[Directions]: With pictures excluded, retype exactly every line from the one containing "關于2023年5月份神木煤化工公司發稿及優秀稿件評選情況的通報" to the end of the records below.
◇ ◇ ◇ ◇
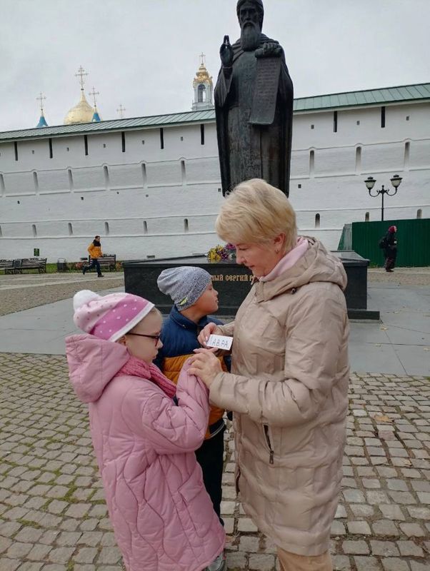 В дни празднования памяти прп. Сергия Радонежского, воспитанники Семейного центра совершили паломническую поездку в Свято - Троице Сергиеву Лавру. Для участия в экскурсии были приглашены родители. Ребята познакомились с тактильной схемой Лавры, памятником Преподобному Сергию Радонежскому. Следую в монастырь, обследовали толщину стен, учились ориентироваться на звук в открытом пространстве, слушали колокольный звон, познакомились с батюшкой, отцом Аркадием и получили благословение. Ребята поклонились мощам Преподобного Сергия Радонежского и пили святую воду с источника.
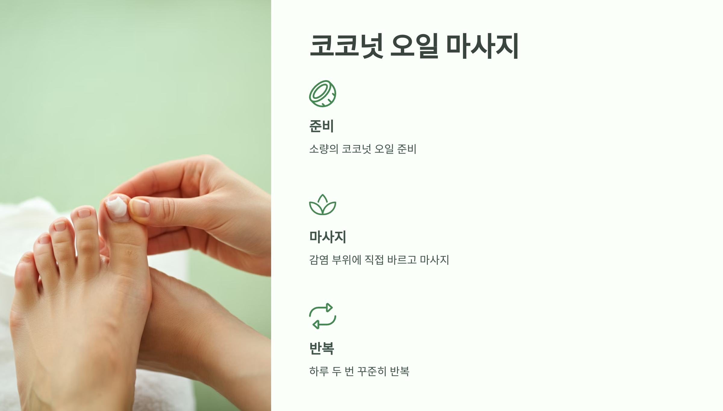 - 소량의 코코넛 오일을 감염된 부위에 직접 바르고 마사지하세요.
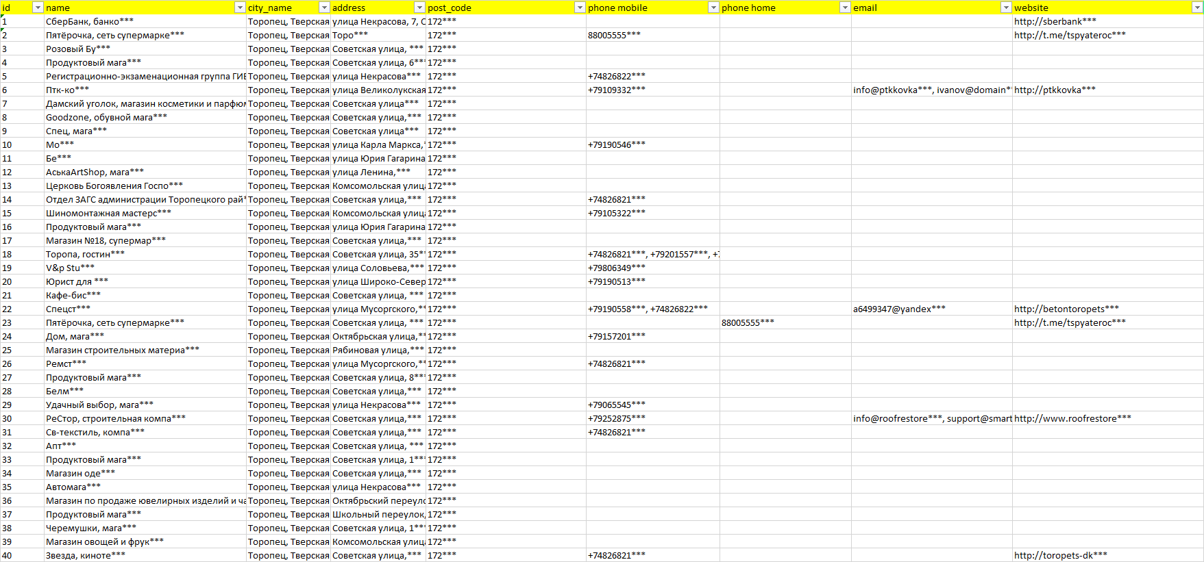 База компаний Торопец, вся РФ в формате Excel с эл. почтами, телефонами, сайтами, ссылками на соц сети, координатами и другой информацией. Скачайте демо версию, чтобы ознакомиться с данными.
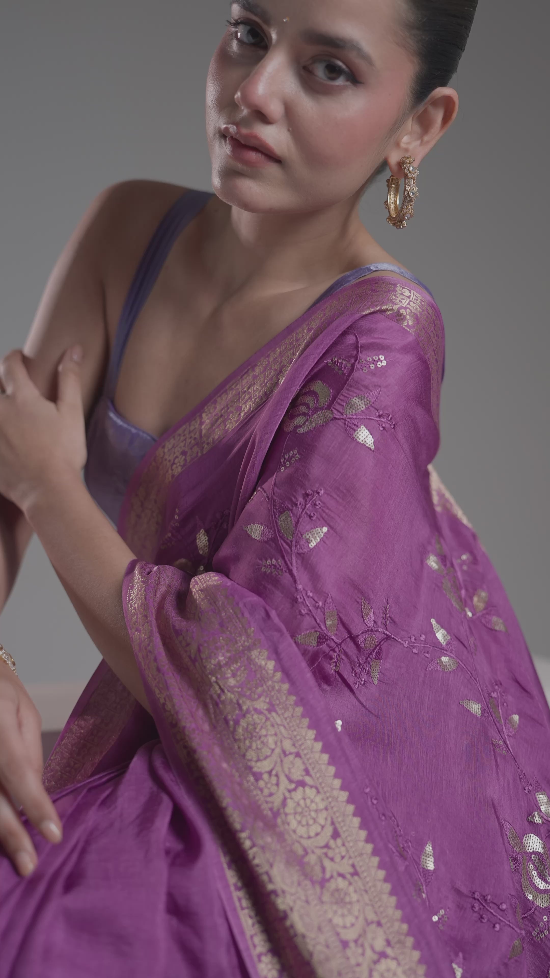 Add a dash of shimmer to your wardrobe with this lilac Russian silk saree, sparkling with sequins and intricate zari details. Its luxurious fabric flows smoothly, making every twirl a dazzling delight. Perfect for festive moments when you want to shine and feel fabulous. Comes with a matching unstitched blouse.
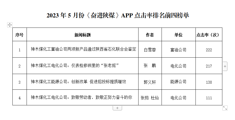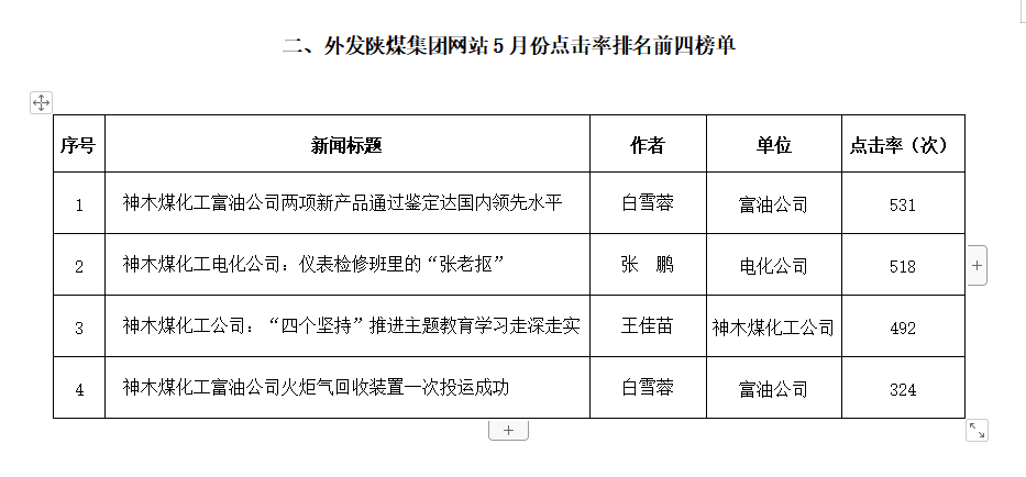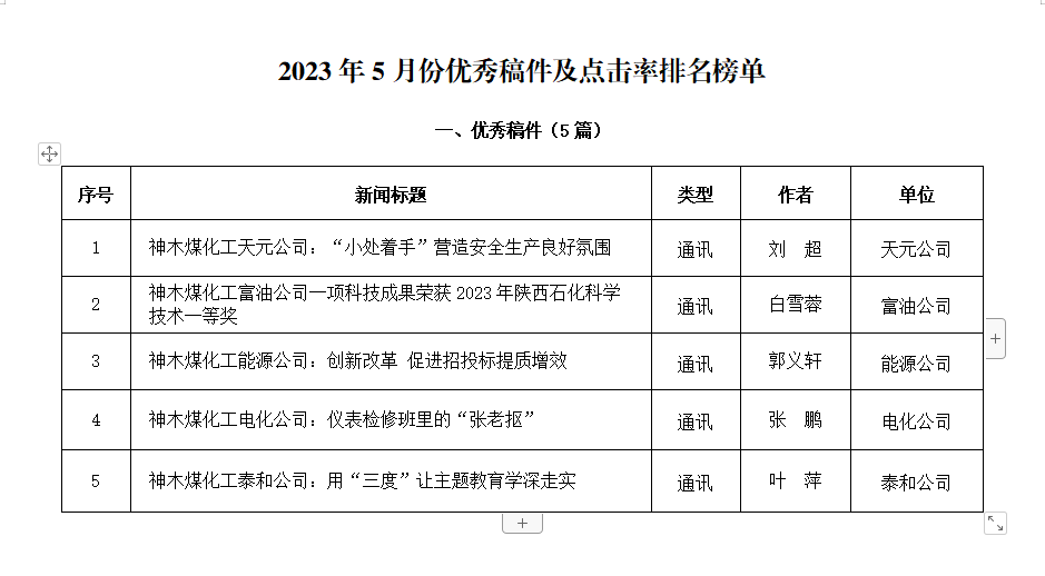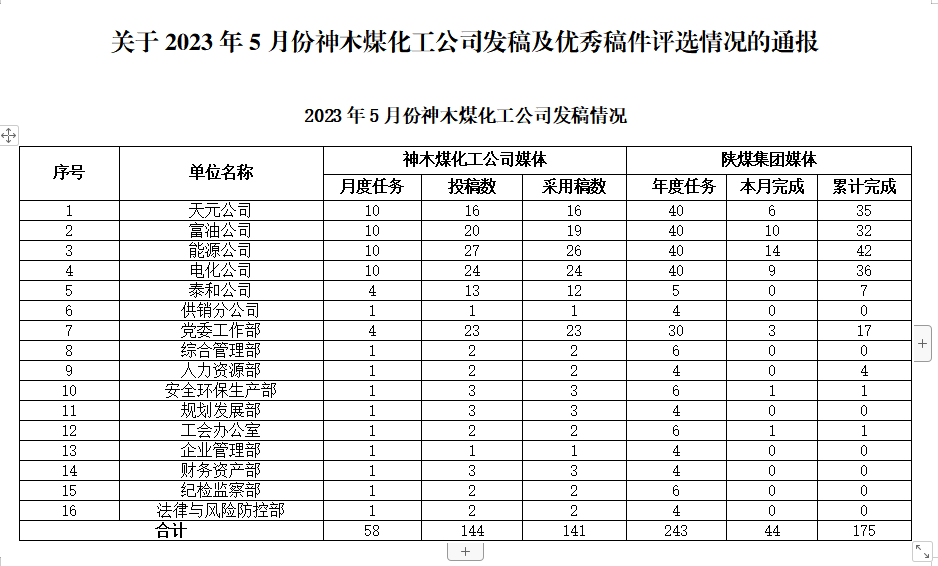 關于2023年5月份神木煤化工公司發稿及優秀稿件評選情況的通報
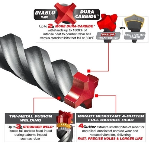 Diablo 1/4″ x 4″ x 6″ Rebar Demon SDS-Plus 4-Cutter Full Carbide Head Rotary Hammer Drill Bits (Box of 25) DMAPL4070-P25
◇ ◇ ◇ ◇
[Answer area]:
 關于2023年5月份神木煤化工公司發稿及優秀稿件評選情況的通報
 Diablo 1/4″ x 4″ x 6″ Rebar Demon SDS-Plus 4-Cutter Full Carbide Head Rotary Hammer Drill Bits (Box of 25) DMAPL4070-P25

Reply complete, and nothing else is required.